1. Only advance the snake if it’s alive.
2. Before drawing to the tilemap, read what’s at the position where the new snake head will be.
3. If the tile is an obstacle or another part of the snake, game over!
4. If the tile is food, increase the speed, then put out a new food item.
5. Note that the removal of the tail only happens if there is no collision. This means that if the player eats food, the snake will grow by one segment since no tail is removed that move.

Now try the game and make sure it plays well!

This concludes the tutorial but please continue experimenting with the game and work through some of the exercises below!

The complete script

Here is the complete script code for reference:

local function put_food(self)
    self.food = {x = math.random(2, 47), y = math.random(2, 47)}
    tilemap.set_tile("#grid", "layer1", self.food.x, self.food.y, 3)        
end

function init(self)
    msg.post(".", "acquire_input_focus")

    self.segments = {
        {x = 7, y = 24},
        {x = 8, y = 24},
        {x = 9, y = 24},
        {x = 10, y = 24} }
    self.dir = {x = 1, y = 0}
    self.dirqueue = {}
    self.speed = 7.0
    self.alive = true
    self.t = 0

    math.randomseed(socket.gettime())
    put_food(self)
end

function update(self, dt)
    self.t = self.t + dt
    if self.t >= 1.0 / self.speed and self.alive then
        local newdir = table.remove(self.dirqueue, 1)

        if newdir then
            local opposite = newdir.x == -self.dir.x or newdir.y == -self.dir.y
            if not opposite then
                self.dir = newdir
            end
        end

        local head = self.segments[#self.segments]
        local newhead = {x = head.x + self.dir.x, y = head.y + self.dir.y}

        table.insert(self.segments, newhead)

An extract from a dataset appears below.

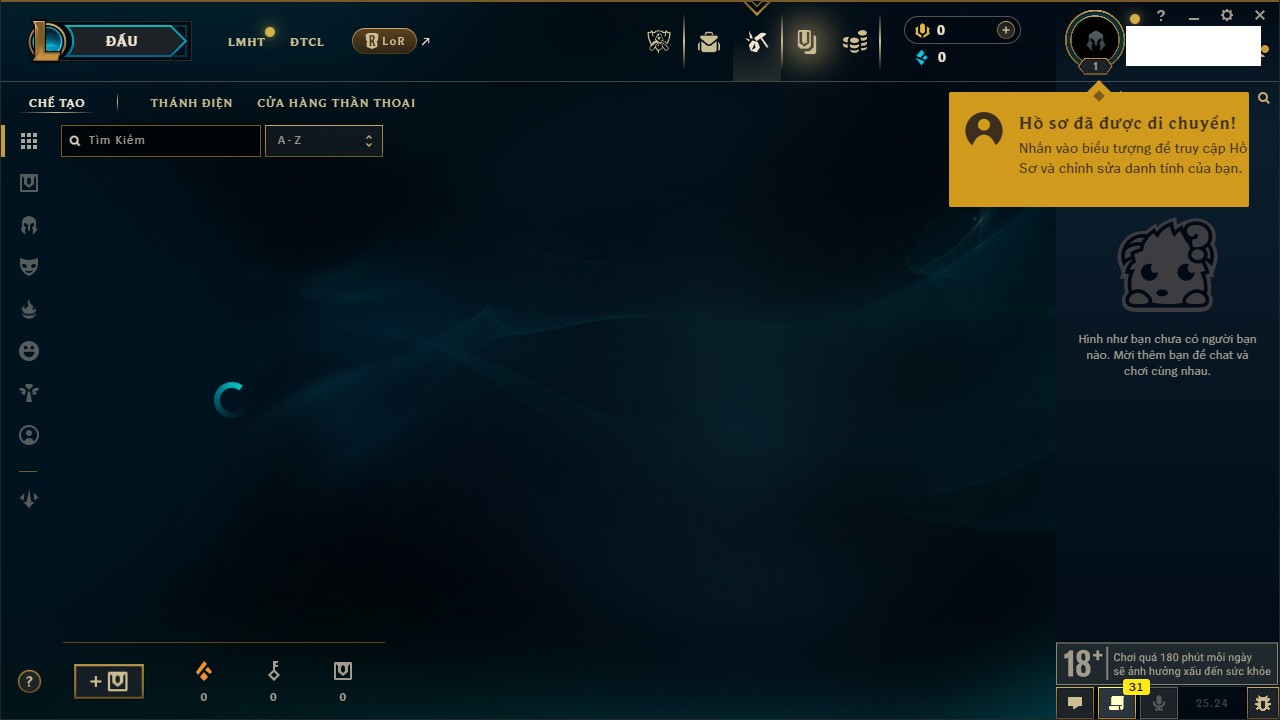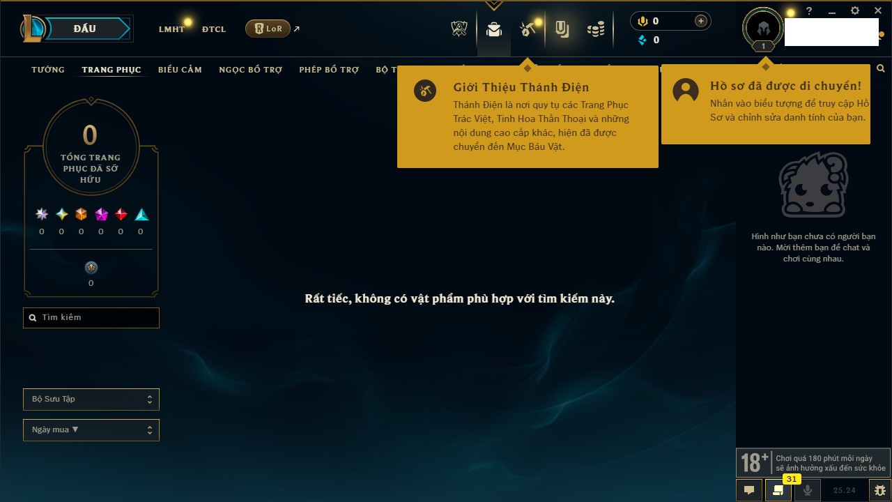 Rank Đơn: Chưa Rank Khung: Chưa có khung Tướng: 157 - Còn 51905 THX Trang Phục: 3 Rank ĐTCL: Chưa Rank Linh Thú: 175

        local tile = tilemap.get_tile("#grid", "layer1", newhead.x, newhead.y)

        if tile == 2 or tile == 4 then
            self.alive = false
        elseif tile == 3 then
            self.speed = self.speed + 1
            put_food(self)
        else
            local tail = table.remove(self.segments, 1)
            tilemap.set_tile("#grid", "layer1", tail.x, tail.y, 1)
        end

        for i, s in ipairs(self.segments) do
            tilemap.set_tile("#grid", "layer1", s.x, s.y, 2)            
        end

        self.t = 0
    end
end

function on_input(self, action_id, action)
    if action_id == hash("up") and action.pressed then
        table.insert(self.dirqueue, {x = 0, y = 1})
    elseif action_id == hash("down") and action.pressed then
        table.insert(self.dirqueue, {x = 0, y = -1})
    elseif action_id == hash("left") and action.pressed then
        table.insert(self.dirqueue, {x = -1, y = 0})
    elseif action_id == hash("right") and action.pressed then
        table.insert(self.dirqueue, {x = 1, y = 0})
    end
end

Exercises

The playable game at the top of this tutorial contains some additional improvements. It is a good exercise to try to implement those improvements:

1. Add scoring and a score counter.
2. The function put_food() does not take into account the position of the snake, nor where obstacles are. Fix that.
3. If the game is over, show a “game over” message, then allow the player to try again.
4. Extra points: add a player 2 snake.